Cemburu Bisnis, Pria di OKU Ajak Dua Anaknya Habisi Tetangga
Kasus ini menjadi sorotan lantaran aksi tersebut turut melibatkan dua anak pelaku, setelah perselisihan keduanya memanas.
Polisi meringkus seorang pria berinisial SA (53) setelah diduga membunuh tetangganya sendiri, F (40), dalam konflik yang dipicu persaingan bisnis. Kasus ini menjadi sorotan lantaran aksi tersebut turut melibatkan dua anak pelaku, setelah perselisihan keduanya memanas hingga berujung pada kesepakatan duel.
Mereka sepakat bertemu di suatu tempat di kampungnya di Desa Lubuk Rukam, Kecamatan Peninjauan, Ogan Komering Ulu (OKU), Sumatera Selatan, Sabtu (30/8) malam.
Ternyata SA mengajak serta kedua anaknya untuk mengeroyok korban. Benar saja, korban yang seorang diri menjadi bulan-bulanan ketiga pelaku. Dia tewas di tempat dengan banyak luka di tubuhnya.
7 Bulan Buron
Beberapa hari kemudian, NY (20), menyerahkan diri ke kantor polisi dan ayah serta adiknya kabur dari kampung. Tujuh bulan buron, SA diamankan polisi di tempat persembunyiannya di perkebunan tak jauh dari kampungnya.
"Setelah dilakukan penelusuran, tersangka SA ditangkap dalam persembunyiannya di kebun," ungkap Kabid Humas Polda Sumsel Kombes Pol Nandang Mu'min Wijaya, Selasa (31/3).
Nandang menyebut pengeroyokan berunjung kematian itu dilatarbelakangi persaingan bisnis. Tersangka SA tak terima hingga terjadi perselisihan dengan korban.
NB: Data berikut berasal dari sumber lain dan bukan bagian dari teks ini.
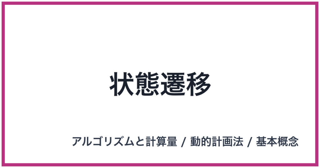 状態遷移 英語表記: State Transition 概要 状態遷移とは、アルゴリズムが問題を解き進める過程において、ある時点の「状態」(部分問題の解)から、次の時点の「状態」へと移行するプロセスを指します。特に、動的計画法(Dynamic Programming, DP)にお... -

"Motifnya persaingan bisnis," kata Nandang.
Dua Tersangka
Dalam perkara ini, polisi telah mengamankan dua tersangka, salah satunya NY (20) yang tengah menjalani proses hukum di Rutan Baturaja, OKU. Sementara seorang pelaku lain yakni adik NS masih buronan.
"Kita dalami pemeriksaan agar pelaku yang buron segera tertangkap," kata Nandang.
Atas perbuatannya, tersangka SA dijerat Pasal 170 Ayat (2) ke-3 KUHP tentang pengeroyokan yang menyebabkan kematian dengan ancaman tujuh tahun penjara. Barang bukti disita sebagaimana diatur dalam ketentuan sebilah parang, dua sarung parang, dan sepeda motor.